The Unicorn Hunt - Dorothy Dunnett [211]
The chamois was an antelope. Nicholas had seen its skull displayed often enough, Roman and fragile, with its twin backswept horns and the cavities of its black, mourning eyes. The chamois was an exclamation, a lilt, an animal with the elevation of a bird, light as smoke, whose hooves hardly printed the snow as it traversed the peaks and soared between gullies and ledges. To kill a chamois, a man required agility, and endurance, and strength. It was the ultimate test exacted by princes, and often the ultimate doom.
Sigismond of the Tyrol led the way, and kept Nicholas de Fleury at his side. At the proper time, the snowshoes were untied, and soon after the thick leather boots were fitted with crampons and the axes were out, clawing their vertical path. Father Moriz, his lips moving, exercised his spear-hilt and settled his toes into their succession of crevices, with words of advice to one side for John, and to the other for Nicholas, when he thought the latter could hear him. Then the group of men which contained de Fleury moved upwards and out of his reach.
The numbers had gone. In the intoxication of the air, the searing light from the snow, the magnificence of the panorama forming below, Nicholas climbed without weight, without cares. If Sigismond wished, Sigismond could kill him: he was close; he had the weapons, the skill. On his other side climbed the Venetian who was at present the Duke’s most favoured servant: Antonio Cavalli, the busy envoy and expert on horses who had visited Dean Castle in Scotland that spring. Around them were other intimates of the Duke: nobles, churchmen, and men of learning who had discovered that to keep his interest they must not only quote Pliny, but hunt.
The climbing strained every sinew. Here the snow was soft; there it was impacted like stone; in another place the rock, stripped by gales, was striated with ice. And climb they must, for the chamois were not here but high in the peaks. After two hours of it, some of the party had flagged and turned back. After another hour, Sigismond, smiling, responded to a signal from above and led the way to a fault, shielded from wind, where his huntsmen had nursed a small fire and were unpacking meats and fat flagons from baskets.
Sigismond said, his gapped teeth harrowing a long, bristling bone, ‘The Duke of Milan hunts with leopards. The lady my Duchess tells me they tried it in Scotland, but the people complained.’

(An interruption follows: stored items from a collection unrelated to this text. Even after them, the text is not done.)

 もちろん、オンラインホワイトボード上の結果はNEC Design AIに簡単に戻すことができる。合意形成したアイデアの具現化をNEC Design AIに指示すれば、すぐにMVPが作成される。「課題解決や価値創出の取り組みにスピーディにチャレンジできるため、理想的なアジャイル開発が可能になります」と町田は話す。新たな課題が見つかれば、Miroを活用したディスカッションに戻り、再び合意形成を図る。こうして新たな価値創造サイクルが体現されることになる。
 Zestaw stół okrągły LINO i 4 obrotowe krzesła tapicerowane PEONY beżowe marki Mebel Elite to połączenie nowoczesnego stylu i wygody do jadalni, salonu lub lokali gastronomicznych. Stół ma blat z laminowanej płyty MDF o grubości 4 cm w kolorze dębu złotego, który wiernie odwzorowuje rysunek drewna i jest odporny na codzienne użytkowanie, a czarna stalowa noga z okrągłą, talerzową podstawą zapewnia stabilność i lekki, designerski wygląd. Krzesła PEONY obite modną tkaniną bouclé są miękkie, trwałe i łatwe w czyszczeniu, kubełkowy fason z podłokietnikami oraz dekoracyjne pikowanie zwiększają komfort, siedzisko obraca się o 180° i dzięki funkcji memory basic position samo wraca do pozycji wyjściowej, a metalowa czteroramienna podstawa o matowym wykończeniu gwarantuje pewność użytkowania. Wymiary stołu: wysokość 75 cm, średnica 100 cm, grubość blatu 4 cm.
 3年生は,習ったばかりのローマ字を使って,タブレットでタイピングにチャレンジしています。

‘I heard it was the leopards which complained,’ Nicholas said. ‘Like elephants, they are not fond of the cold. Should you wish to experiment, I can supply you with muzzles. James of Cyprus has them fashioned in gold, although he fails to use them enough.’ Smiling, he touched his arm, acting a wince.

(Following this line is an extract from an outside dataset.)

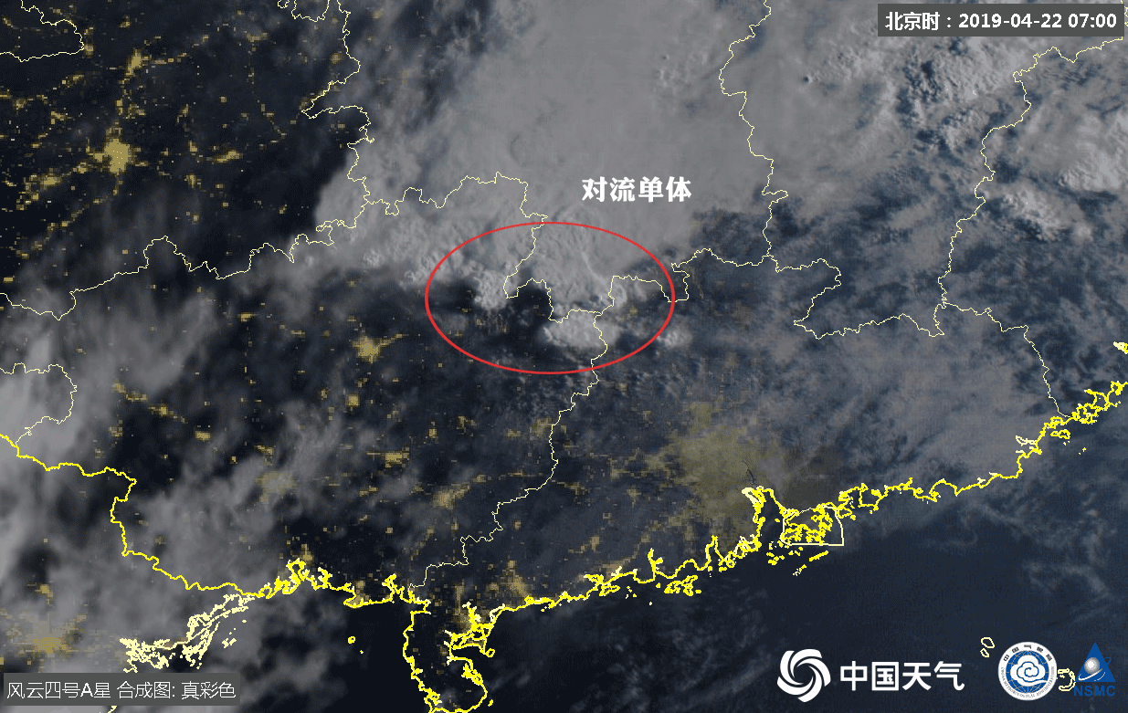 这是2019年4月22日7时-9时的卫星云图,可以看到在广东、广西北部,有一个个对流单体在活动。它们就像青春痘一样,由于太阳在东边,云的西侧能看到明显的阴影,这说明对流向上发展较高。一般情况下,这种云下面的天气往往是雷雨交加,非常恶劣。

‘How did you cheat him?’ said Sigismond.
Nicholas set down his ale. ‘One learns from one’s betters,’ he said. ‘My lord, you have a complaint?’

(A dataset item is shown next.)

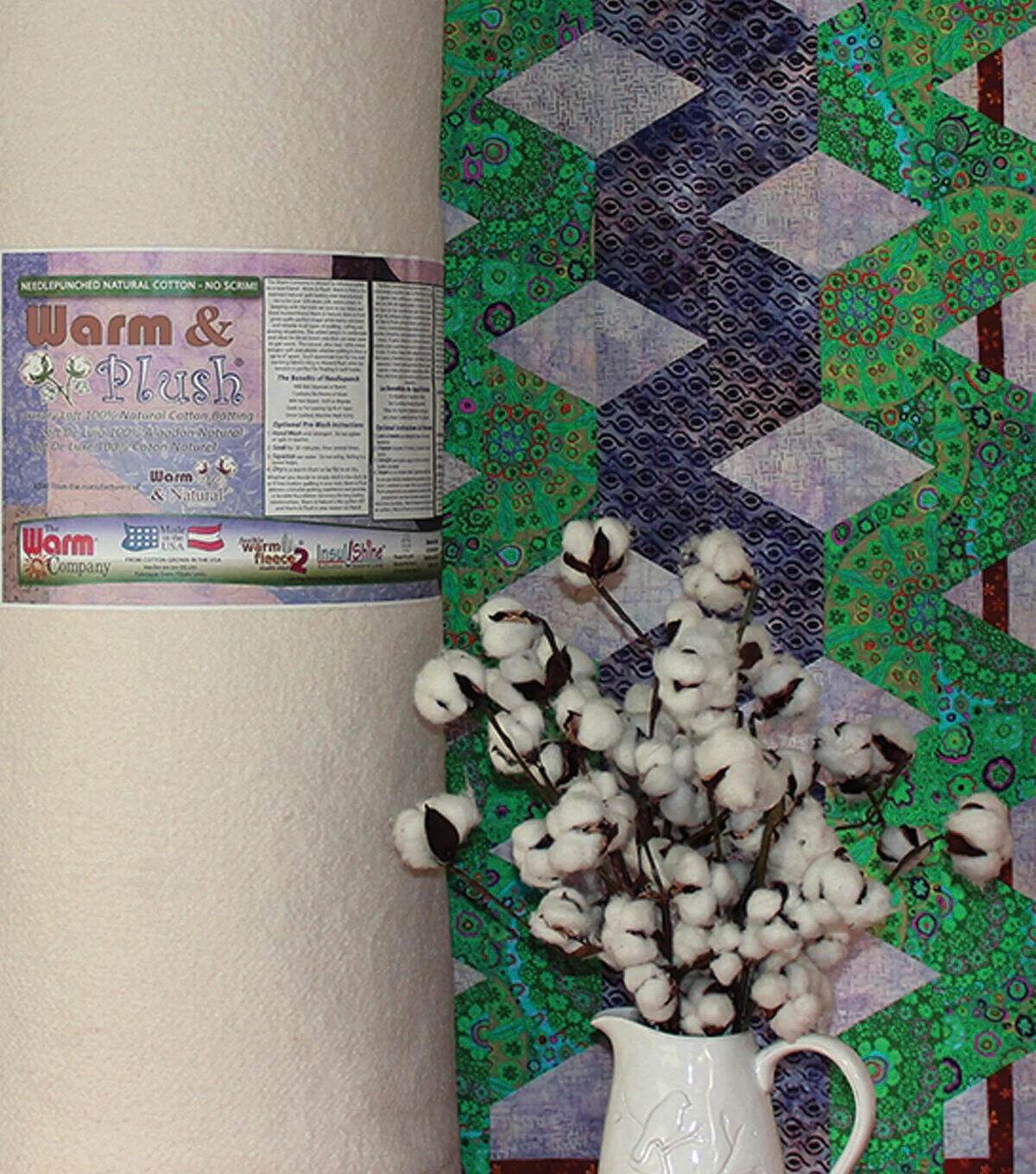 Warm & Plush is the warmest 100% natural cotton batting ever manufactured. Warm & Plush is made with 50% more soft, cotton than other Warm brands. In keeping with the Warm tradition, Warm & Plush is needlepunched without glue providing the perfect drape in all types of quilting and crafting situations. The added weight is ideal for those loved ones that can never seem to get warm! The super clean cotton remains soft and pliable whether quilting is close or up to 6" apart. Warm & Plush has the perfect tension for floating in quilt frames. Whether you decide to stitch in the ditch or free motion is your style, Warm & Plush delivers a blissful quilting experience and provides a durable foundation for necessary for a quilt loved through many generations.

‘I, your host?’ Sigismond said. ‘Princes are resigned to being exploited. You proposed to the lady my wife to excavate, for a certain sum, a field by the Inn which would yield me a fortune in alum.’
‘That is so,’ Nicholas said. The Duke’s household, close about him, chewed without looking up.
Between words, the Duke’s teeth grated spasmodically on the bone. ‘My advisers tell me that such alum cannot be sold. The rights to sell in the Tyrol are already possessed by Bartolomeo Zorzi, appointed by the Holy Father to vend Tolfa alum.’
‘Your grace distresses me,’ Nicholas said.
‘Do I? Then consider the silver mines,’ the Duke said. Combing free the last of the meat, he threw back his arm and sent the whitened bone into the void. His unwiped lips glistened. A servant knelt hastily with a cup, but did not trouble to hold the lid under his chin.
‘The silver mines?’ Nicholas repeated.